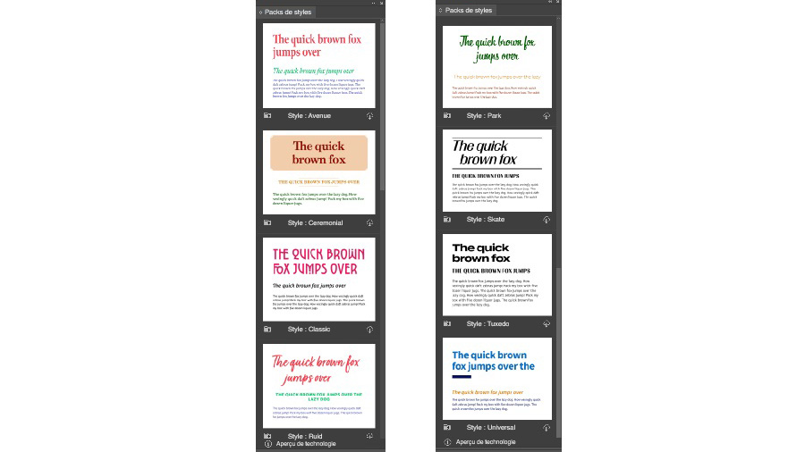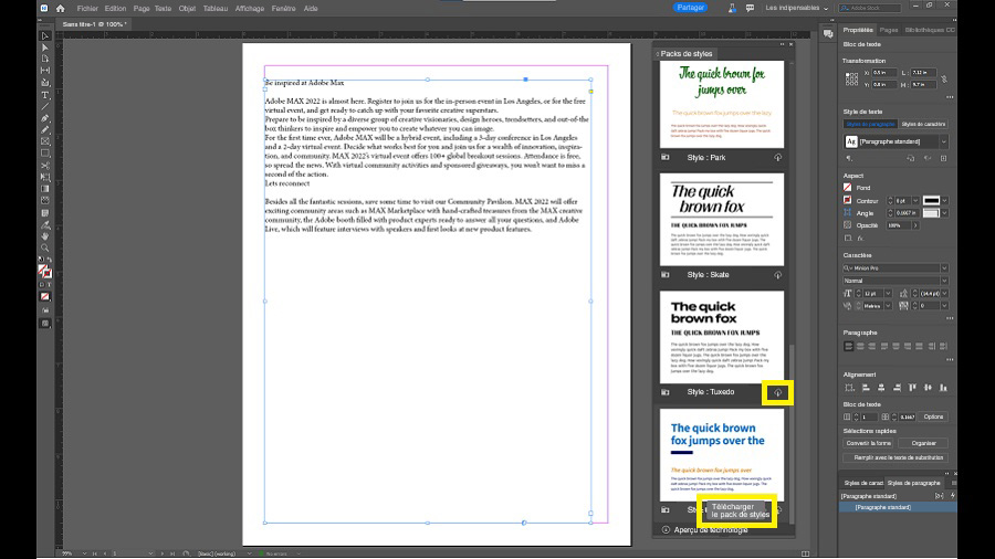 Les packs de styles sont disponibles dans l’onglet Styles de paragraphe. Vous pouvez en télécharger autant que vous voulez et tester différents styles pour savoir quelles couleurs et polices conviendront le mieux.
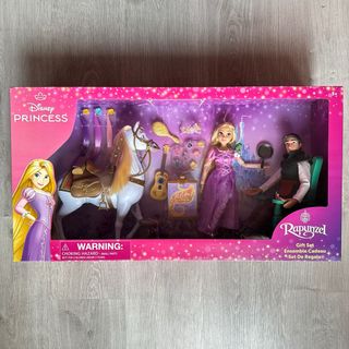 Set di bambole Disney tipo Barbie con personaggi Disney. Include Biancaneve, Cenerentola, Elsa e Rapunzel. Include anche il personaggio della Bestia e un cavallo bianco con musica e movimenti.
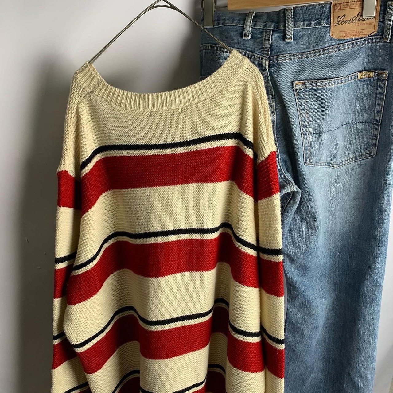 Top shein 韓国 ボーダー オーバーニット
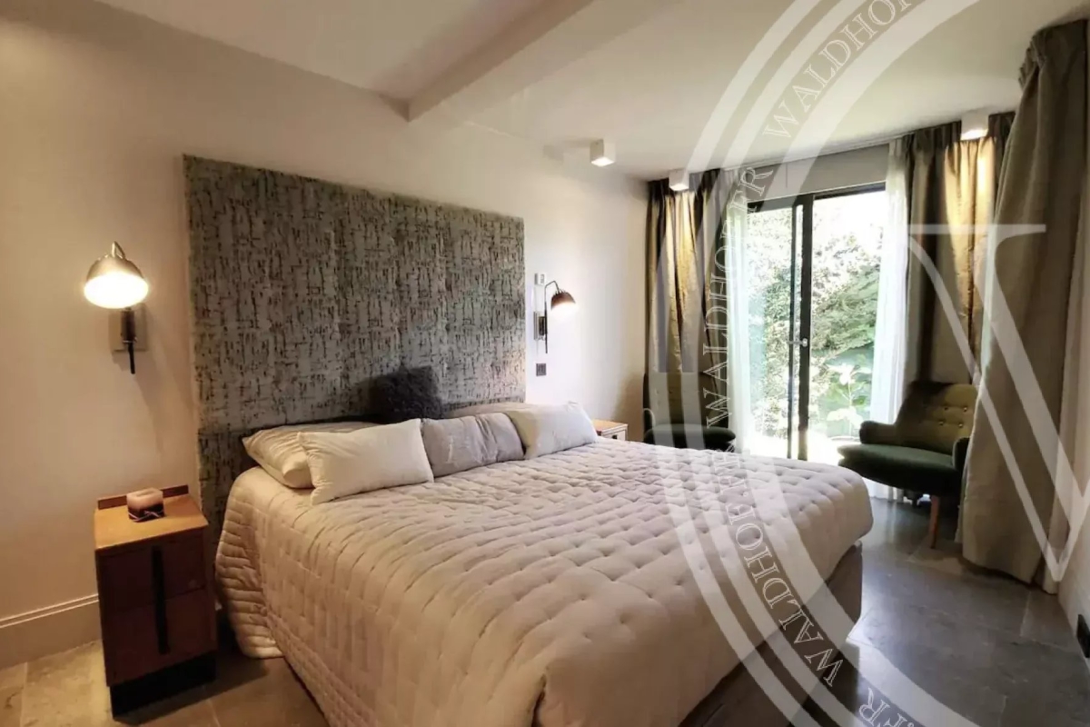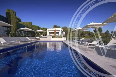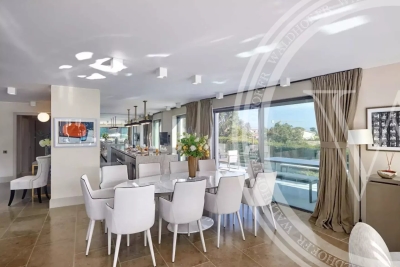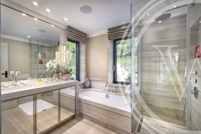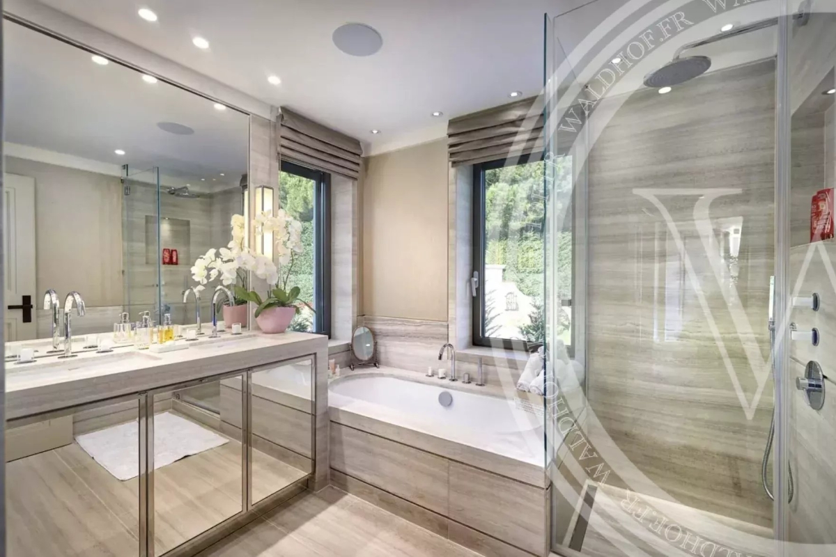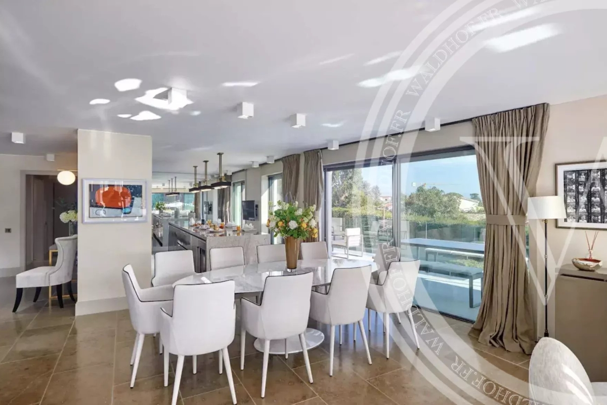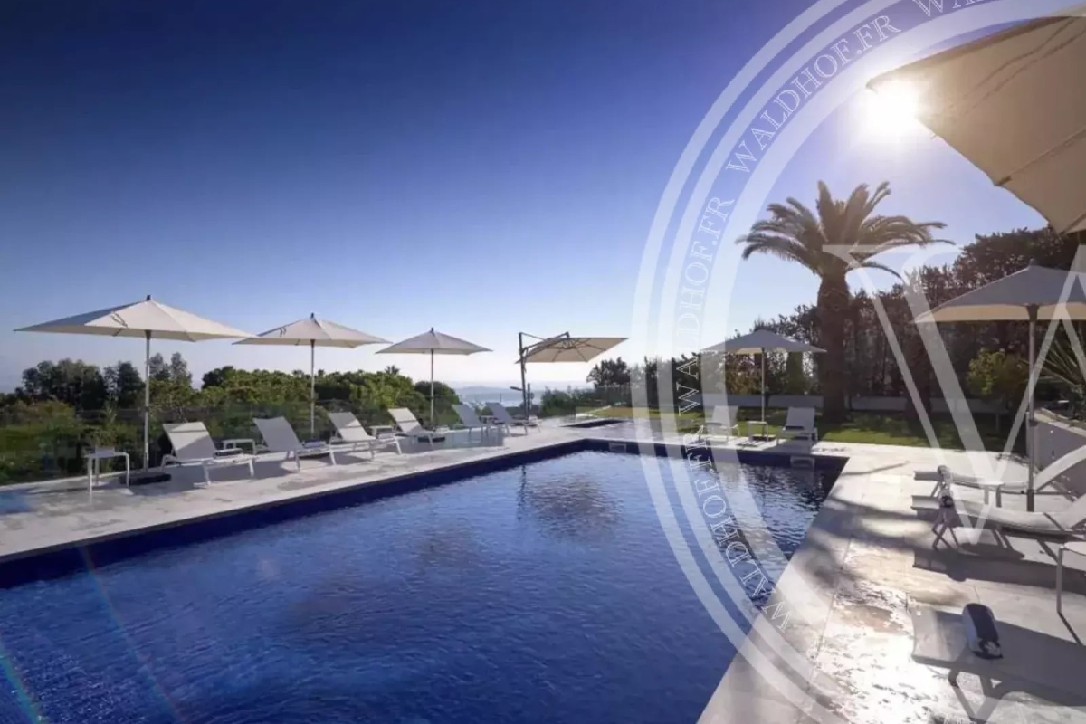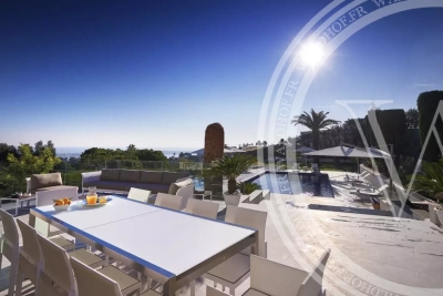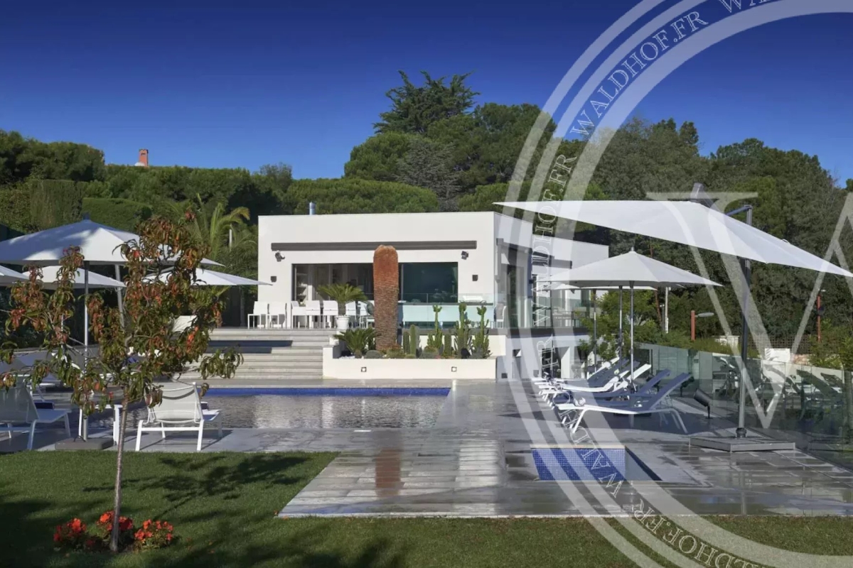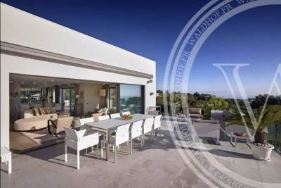 Cette villa, vue panoramique & mer, bénéficie d'une belle position dominante, dans le quartier résidentiel de Super Cannes, à 10 minutes du centre animé de Cannes, des plages de sable de La Croisette & 15 min du Palais des Festivals. Dans une propriété, sécurisée de 1,600 m2, la maison de 330m2, villa contemporaine, sur 2 niveaux, offre, dans aménagement moderne, un intérieur contemporain, 6 chambres en-suite, 1 chambre staff. au niveau d'entrée (RDC) : - 1 Suite parentale double équipée d'un lit King Size(180x200cm), salle de bain en-suite avec baignoire, douche de plein pied et double vasque, wc japonais séparé, rangements, et balcon, vue mer & montagnes. Une vaste double réception,, salon, salle à manger et une cuisine ouverte moderne tout équipée avec grand espace de convivialité, le tout ouvrant sur une terrasse donnant sur l'espace piscine et le jardin avec une vue panoramique & mer . Une salle d'eau invités avec wc complète le niveau. Au niveau inférieur (RDJ) : - 2 Suites Parentales doubles équipées de lits King Size (180x200cm), salle de bain en-suite avec baignoire ou douche, wc, dressings, coins bureau, Tv, ouvrant sur terrasse couverte et jardin, exposées à l'Est , vue jardin. - 3 Chambres doubles équipées de lits Queen Size (180x200cm), salle de bain en-suite avec douche, wc, rangements, ouvrant sur terrasse couverte et jardin , vue jardin. - 1 Chambre double dédiée au personnel équipée de Lits Twins gigognes (90x200cm), salle de bain en-suite avec douche,wc, rangements, vue jardin. Une buanderie avec lave linge & sèche linge, stockage froid (réfrigérateur & congélateur) & sec complètent le niveau, La maison offre une vue panoramique à 180° sur la baie de Juan les Pins, le Cap d'Antibes. Elle est également équipée de climatisation indépendante pour chaque pièce, de chauffage, de systèmes d'alarme intérieur / extérieur, de vidéo surveillance, de volets roulants, stores, portails et portes de garages automatiques... Enfin, la villa, tient à la disposition des hôtes 2 garages et 2 places de stationnement à l'intérieur. Contact: +33651318572.
##########
Task description
In the data above, find the line with "Set di bambole" and the line with "Top shein 韓国 ボーダー オーバーニット". Please copy exactly those two lines and every line between them, but not the pictures.

Finished task
 Set di bambole Disney tipo Barbie con personaggi Disney. Include Biancaneve, Cenerentola, Elsa e Rapunzel. Include anche il personaggio della Bestia e un cavallo bianco con musica e movimenti.
 Top shein 韓国 ボーダー オーバーニット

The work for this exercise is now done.